Patients with alcoholic liver disease, as reported by Walfish et al. (85), tend to have low serum T3 levels, slightly reduced T4, and elevated FT4 Index because of low binding proteins. These changes were associated with increased mortality. In chronic biliary cirrhosis and chronic active hepatitis, as studied by Liewendahl (86), elevated TBG may be found associated with normal free T3 and free T4 levels. Chopra et al. (87) studied patients with hepatic cirrhosis and found free T4 to be significantly elevated, T3 to be markedly reduced, free T3 to be low, and TSH tended to be slightly above normal. Assessment of a variety of clinical parameters suggested that the patients were euthyroid. The authors conclude that, in this instance, euthyroidism is maintained by the high normal or slightly elevated serum free T4 levels. It should be noted that the mean free T4 levels in the patients studied by Chopra was 3.9 ng/100 ml, which falls well within the range of normal given by the authors of 1.8 - 4.2 ng/dl, and is not characteristic of NTIS. It is probable that some of the distinctive effects of liver disease on thyroid hormone economy are due to changes in synthesis of TBG, possibly the effect of hyper-estrogenism, and probably reduced deiodination of T4 to T3 in the liver.
Kaptein et al. (88) studied patients with acute renal failure (ARF) and found decreased serum T4 and T3, and normal or elevated levels of free T4 and TSH in patients with ARF but not critical illness. In this group of patients, reverse T3 levels tend to be normal. Ramirez et al. (89) studied patients on chronic hemodialysis and found a striking prevalence of goiter (58%), low serum thyroxine and T3, and TSH. TRH caused an increase of serum TSH and T3 levels, suggesting a suppression of pituitary function in these patients. Lim and co-workers (90) studied the thyroid hormone supply in a uremic rat model and found changes similar to those seen in uremic man, including a low serum T3, low serum T4, low serum TSH, and low liver T3 content. Triiodothyronine treatment of the animals increased low liver enzyme activity, and the authors conclude that the reduction in liver T3 content in the uremic rat, and the low enzyme activity, indicates hypothyroidism. T3 nuclear receptor binding capacity was also reduced in the uremic rat livers. Further studies found that pituitary T3 content was normal. Thus they hypothesize that pituitary type 2 deiodinase maintains an adequate level of T3 so that the pituitary is "euthyroid", while the rest of the body is "hypothyroid". In further studies, they presented data that intrapituitary T4 T3 deiodination is selectively increased in these animals (69). Not surprisingly, administration of 0.8 g T3/kg daily to uremic men increased nitrogen excretion, from increased protein catabolism (91). Presumably this is evidence for repair of hypothyroidism, and, if it represents a significant problem, could be covered by increased protein intake.

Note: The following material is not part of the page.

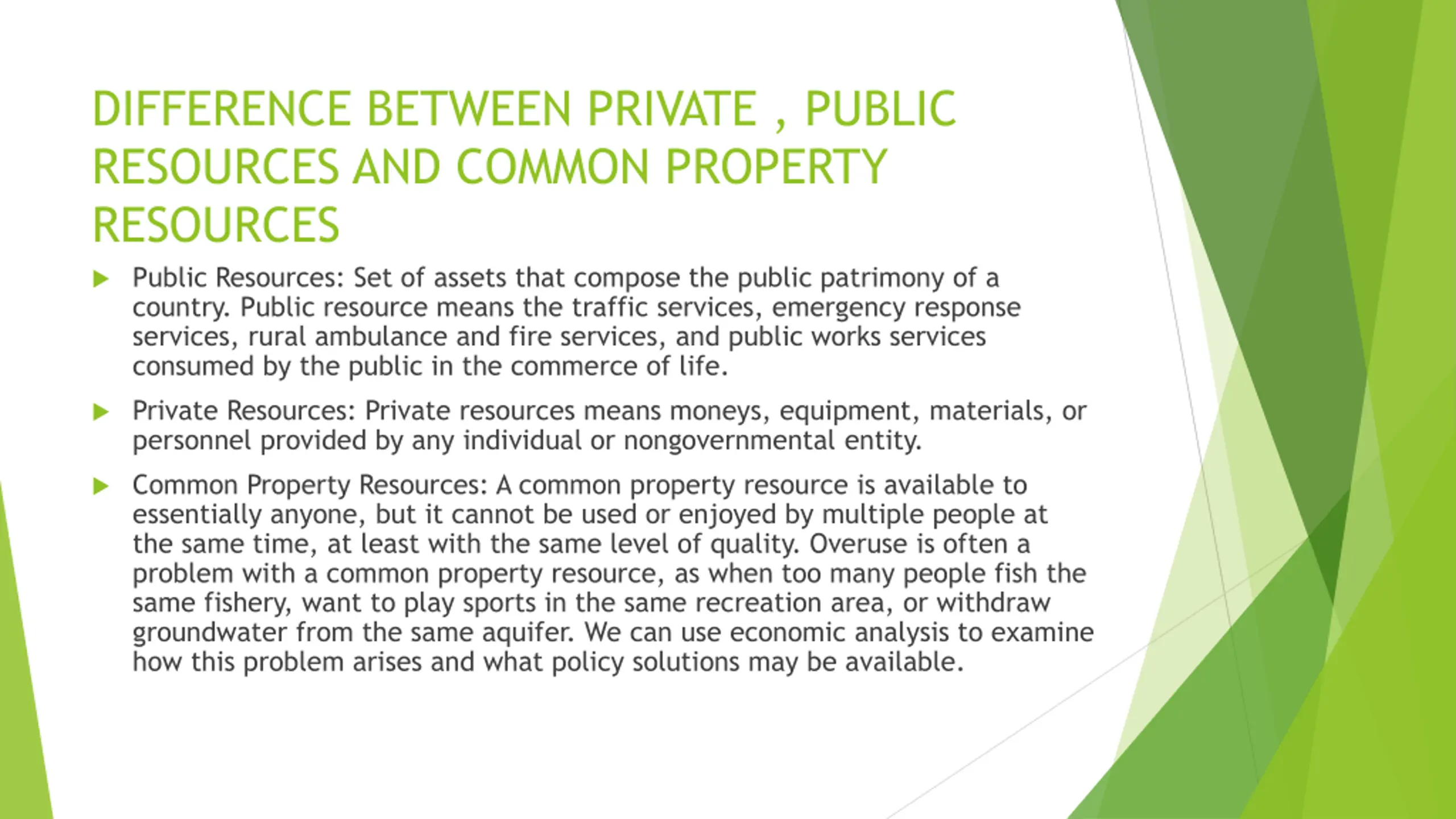 DIFFERENCE BETWEEN PRIVATE , PUBLIC RESOURCES AND COMMON PROPERTY RESOURCES Public Resources: Set of assets that compose the public patrimony of a country. Public resource means the traffic services, emergency response services, rural ambulance and fire services, and public works services consumed by the public in the commerce of life. Private Resources: Private resources means moneys, equipment, materials, or personnel provided by any individual or nongovernmental entity. Common Property Resources: A common property resource is available to essentially anyone, but it cannot be used or enjoyed by multiple people at the same time, at least with the same level of quality. Overuse is often a problem with a common property resource, as when too many people fish the same fishery, want to play sports in the same recreation area, or withdraw groundwater from the same aquifer. We can use economic analysis to examine how this problem arises and what policy solutions may be available.

Clearly the question of exact free T4 levels in patients with NTIS remains uncertain, and most likely will be shown to be variable. In many patients all tests indicate that the hormone levels are low. Considering the range of assays applied, and their different response to inhibitors, it seems unlikely that inhibitors of T4 and T3 binding to serum proteins are universally important, causing a test artifact. There is no clear cut evidence for the role of any specific inhibitor, except possibly in uremic patients, or in patients previously treated with heparin (whose sera develop elevated FFA levels during in vitro dialysis). In point of fact, if the concept of heparin- induced FFA generation during dialysis proceedures is valid, it would produce an artifact contrary to that commonly offered to explain serum hormone discrepancies. In this case the usual T4 and FTI measurments would be reliable, but the determination of free T4 would be falsely elevated. Further, the test artifact hypothesis cannot explain the low T3, the suppressed TSH, or the low production of T4 and T3 in patients with NTIS.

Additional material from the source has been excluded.